Main Themes: There was little data released overnight to guide markets. Investors digested the latest coronavirus developments with bated breath. Some factories in China reopened while there was news that the number of cases outside of China has increased. US equities edged higher while bond yields ended a mixed session lower.
Share Markets: US equities rose ahead of more company earnings data due to be released later this week, casting aside concerns about the spread of the coronavirus. The Dow Jones is currently up 0.4% while the S&P500 is 0.5% higher.
European bourses slipped amid political turmoil, driven by the collapse of German Chancellor Angela Merkel’s succession plan. The leader of the Merkel’s Christian Democratic Union said that she would step down and would not run as the party’s candidate for chancellor at the next election. The Euro Stoxx 50 fell 0.14%.
Interest Rates: The US yield curve ended a mixed session flatter, with yields generally trending lower overnight. The 10-year US treasury fell 3 basis points to 1.55% while the 3-month treasury bill edged up 1 basis point to 1.52%. Some investors are once again fretting about another broad inversion of the yield curve, which has historically been a reliable indicator of an impending US recession.
Australian bond yields fell across the board. The yield on the 10-year bond is 1.01%, down 3 basis points but managing to hold just above 1% for the fourth straight session.

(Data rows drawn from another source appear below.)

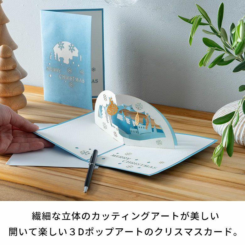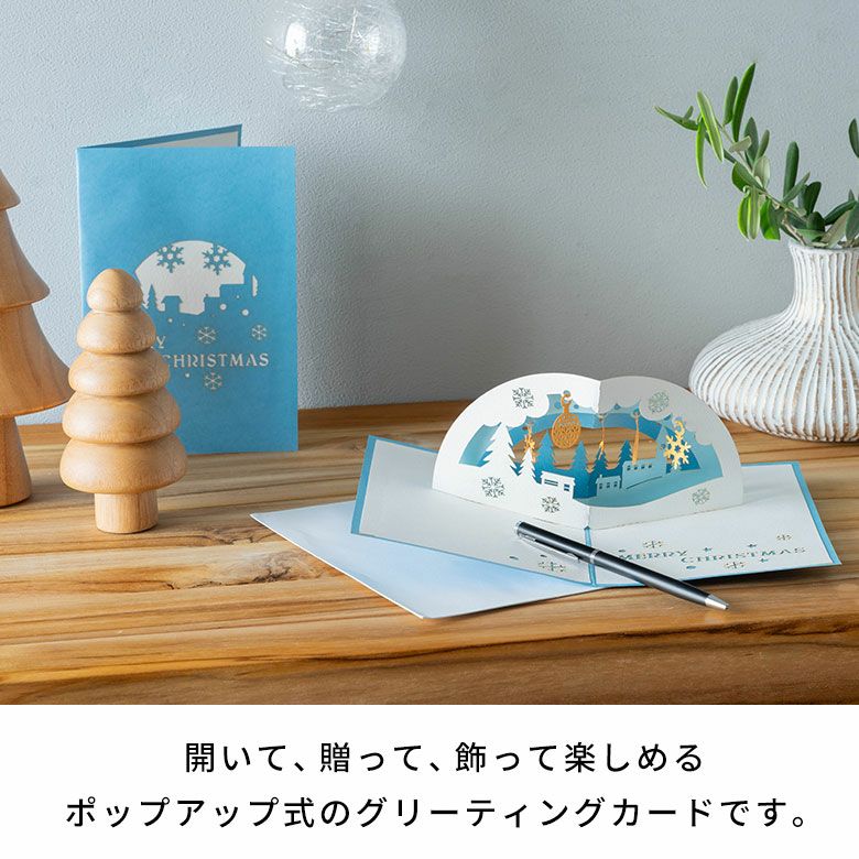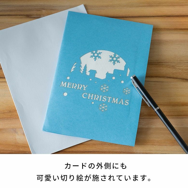 白い封筒付きで、家族や友人、取引先への贈り物にもぴったり。「贈る」だけでなく、「飾る」楽しみもある、心に残るクリスマスカード。大切な人へのプレゼントを、より印象的に演出してくれます。
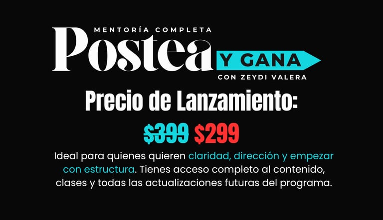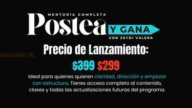 En Postea y Gana te llevo de la mano con un método simple para crear, publicar y monetizar sin miles de seguidores.
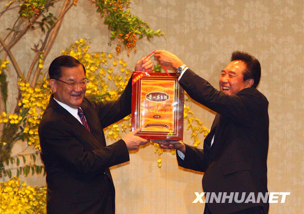 11月4日,連戰(zhàn)向陳云林贈(zèng)送禮物。當(dāng)日,中國(guó)國(guó)民黨榮譽(yù)主席連戰(zhàn)在臺(tái)北宴請(qǐng)海協(xié)會(huì)會(huì)長(zhǎng)陳云林一行。 新華社記者 邢廣利 攝
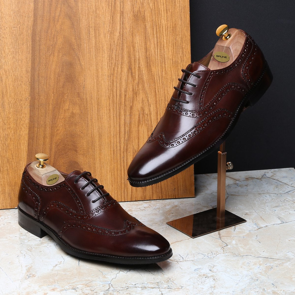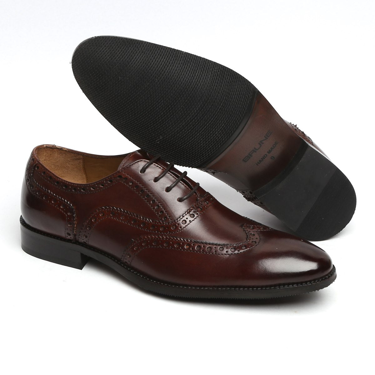 DARK BROWN FULL WINGTIP BROGUE LEATHER OXFORDS SHOE BY BRUNE & BARESKIN

The 3-year yield fell 2 basis points to 0.70% while the 90-day bank bill swap yield was 1 basis point lower at 0.91%.
Foreign Exchange: Currencies were mixed, with the Australian dollar bouncing from its lows and the US dollar index edging higher.
The US dollar index rose for the fifth consecutive session as investors continued to worry about the coronavirus, increasing 0.2% overnight.
The Australian dollar fell to US$0.6660 overnight, its lowest since March 2009, but subsequently bounced to a high of US$0.6707 before completing the round trip back to near where it started the session, and is currently at US$0.6680. Coronavirus concerns have weighed on the Australian dollar over the last week, despite the less dovish tone from the RBA over that same period.
Commodities: Oil prices fell after OPEC+ decided not to hold a special meeting to cut output. WTI futures plunged 1.6% to US$49.54 per barrel. Gold prices edged higher.
Australia: There was no major data released yesterday.
Japan: Japan recorded a ¥1.71 trillion current account surplus in December (adjusted), down from ¥1.79 trillion in November. Japan’s exports have been relatively firm in 2019, although the outbreak of the coronavirus is expected to dampen activity early in 2020.
China: Consumer prices jumped 5.4% over the year in January, up from a 4.5% pace in December. Supply issues were the main drivers of the increase, including the coronavirus and swine flu. Food prices rose 20.6% over the year while non-food prices were 1.6% higher. The timing of the Spring Holiday Festival also had an impact.
Producer price growth remained subdued, with the producer price index up just 0.1% over the year in January.
World: The latest coronavirus statistics show a total of 40,655 confirmed worldwide cases, of which 910 have died and 3,669 have recovered. The vast majority of cases and causalities remain in China.
Today's key data and events:
AU Housing Finance Dec (11:30am)
-Value Home Loans exp 1.6% prev 1.8%
-Value Owner Occupiers exp 1.7% prev 1.6%
-Value Investors exp 1.5% prev 2.2%
AU NAB Business Survey Jan (11:30am)
-Business Conditions prev 3
-Business Confidence prev -2
UK GDP Q4 exp 0.0% prev 0.4% (8:30pm)
UK Industrial Production Dec exp 0.3% prev -1.2%
US NFIB Business Survey Jan exp 103.3 prev 102.7 (10pm)
US Feds speakers Daly (10pm), Quarles (4:15am), Bullard (5:30am), Kashkari (6:15am)
US Fed Chair Powell Speaks Before House (2am)
Times are AEST. All data forecasts are m/m or q/q and seasonally adjusted unless otherwise specified. Forecasts for Australian data are our forecasts and for other countries they are consensus forecasts.